ASSIGNMENT: Extract the opening line of the entries and every line after it, stopping at and including the line that contains "pieczona kaczka z". Do not include pictures.

SUPPLIED ENTRIES:

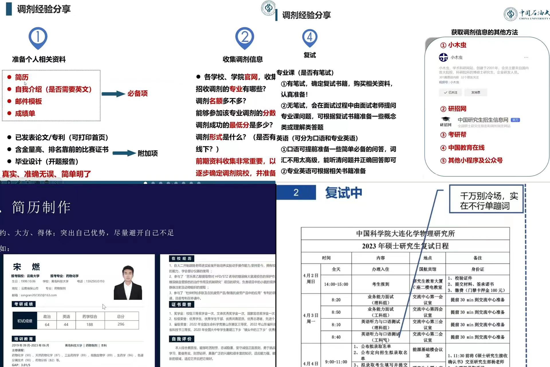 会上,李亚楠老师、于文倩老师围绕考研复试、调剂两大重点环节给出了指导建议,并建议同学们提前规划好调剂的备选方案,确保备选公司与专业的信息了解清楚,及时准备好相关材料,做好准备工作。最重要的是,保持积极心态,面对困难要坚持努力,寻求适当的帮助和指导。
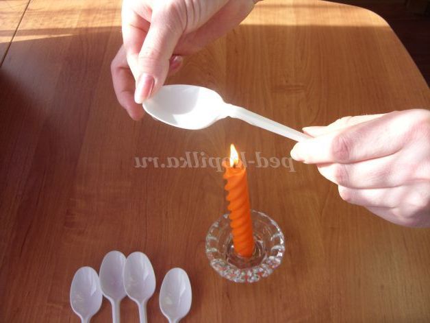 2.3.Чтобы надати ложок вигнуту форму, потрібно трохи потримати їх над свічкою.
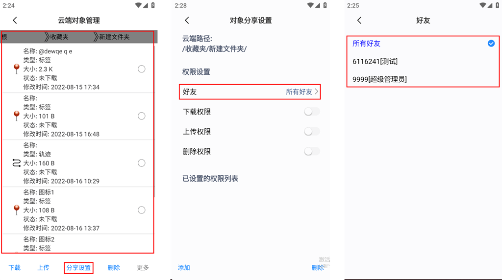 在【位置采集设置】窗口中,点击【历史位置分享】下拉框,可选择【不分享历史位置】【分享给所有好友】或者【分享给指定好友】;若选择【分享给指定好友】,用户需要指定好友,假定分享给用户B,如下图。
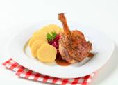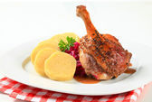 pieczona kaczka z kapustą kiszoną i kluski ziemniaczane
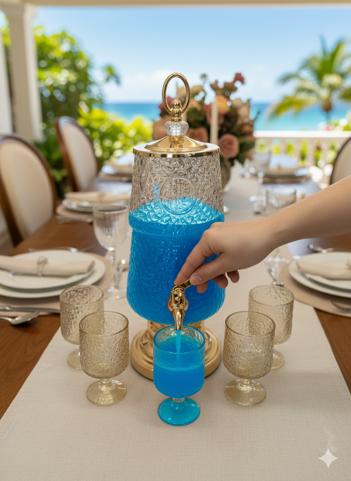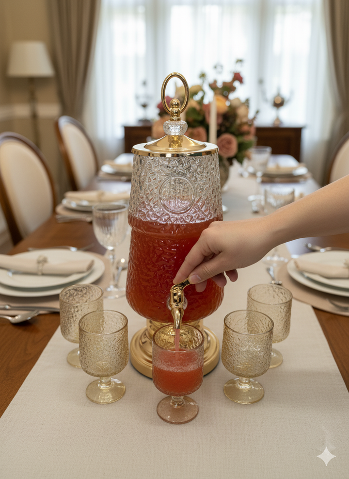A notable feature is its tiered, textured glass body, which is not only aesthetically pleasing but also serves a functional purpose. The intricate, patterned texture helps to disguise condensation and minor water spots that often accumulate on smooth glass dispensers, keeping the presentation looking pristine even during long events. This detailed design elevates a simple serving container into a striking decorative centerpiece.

WRITTEN SOLUTION:
 会上,李亚楠老师、于文倩老师围绕考研复试、调剂两大重点环节给出了指导建议,并建议同学们提前规划好调剂的备选方案,确保备选公司与专业的信息了解清楚,及时准备好相关材料,做好准备工作。最重要的是,保持积极心态,面对困难要坚持努力,寻求适当的帮助和指导。
 2.3.Чтобы надати ложок вигнуту форму, потрібно трохи потримати їх над свічкою.
 在【位置采集设置】窗口中,点击【历史位置分享】下拉框,可选择【不分享历史位置】【分享给所有好友】或者【分享给指定好友】;若选择【分享给指定好友】,用户需要指定好友,假定分享给用户B,如下图。
 pieczona kaczka z kapustą kiszoną i kluski ziemniaczane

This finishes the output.